# RDD Creation 

## Overview 

In [1]:
from pyspark import SparkContext, SparkConf

In [3]:
conf = SparkConf().setAppName('Simple App').setMaster('local')
sc = SparkContext(conf=conf)

###### The master URL passed to Spark can be in one of the following formats:
    
        local	Run Spark locally with one worker thread (i.e. no parallelism at all).
    local[K]	Run Spark locally with K worker threads (ideally, set this to the number of cores on your machine).
        yarn	Connect to a YARN cluster in client or cluster mode depending on the value of --deploy-mode. The cluster location will be found based on the HADOOP_CONF_DIR or YARN_CONF_DIR variable.

###### Note : There are two deploy modes that can be used to launch Spark applications on YARN. In cluster mode, the Spark driver runs inside an application master process which is managed by YARN on the cluster, and the client can go away after initiating the application. In client mode, the driver runs in the client process, and the application master is only used for requesting resources from YARN.

### Resilient Distributed Datasets (RDDs)

#### Parallelized Collections

In [7]:
#here is how to create a parallelized collection holding the numbers 1 to 5:
data = [1, 2, 3, 4, 5]
distData = sc.parallelize(data)

#### External Datasets

In [8]:
distFile = sc.textFile("EmployData.csv")

Some notes on reading files with Spark:

>If using a path on the local filesystem, the file must also be accessible at the same path on worker nodes. Either copy the file to all workers or use a network-mounted shared file system.

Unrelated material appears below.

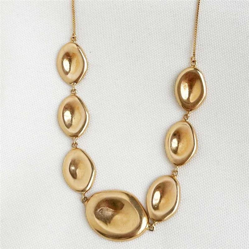 A gargantilha folheada com formas orgânicas é uma peça sofisticada que combina elegância e naturalidade. Seus contornos fluidos e inspirados na natureza capturam a beleza dos elementos orgânicos, como folhas e flores estilizadas. Feita com materiais de alta qualidade e acabamento impecável, essa gargantilha adiciona um toque de delicadeza e modernidade a qualquer visual.Dimensões aproximadas:

>All of Spark’s file-based input methods, including textFile, support running on directories, compressed files, and wildcards as well. For example, you can use textFile("/my/directory"), textFile("/my/directory/*.txt"), and textFile("/my/directory/*.gz").

>The textFile method also takes an optional second argument for controlling the number of partitions of the file. By default, Spark creates one partition for each block of the file (blocks being 128MB by default in HDFS), but you can also ask for a higher number of partitions by passing a larger value. Note that you cannot have fewer partitions than blocks.

In [11]:
#Display RDD Data using action take()
for i in distFile.take(10):print(i)

employee_name,email,job_profile
James,james@gmail.com,Sr. Developer
Smith,Smith@gmail.com,Project Lead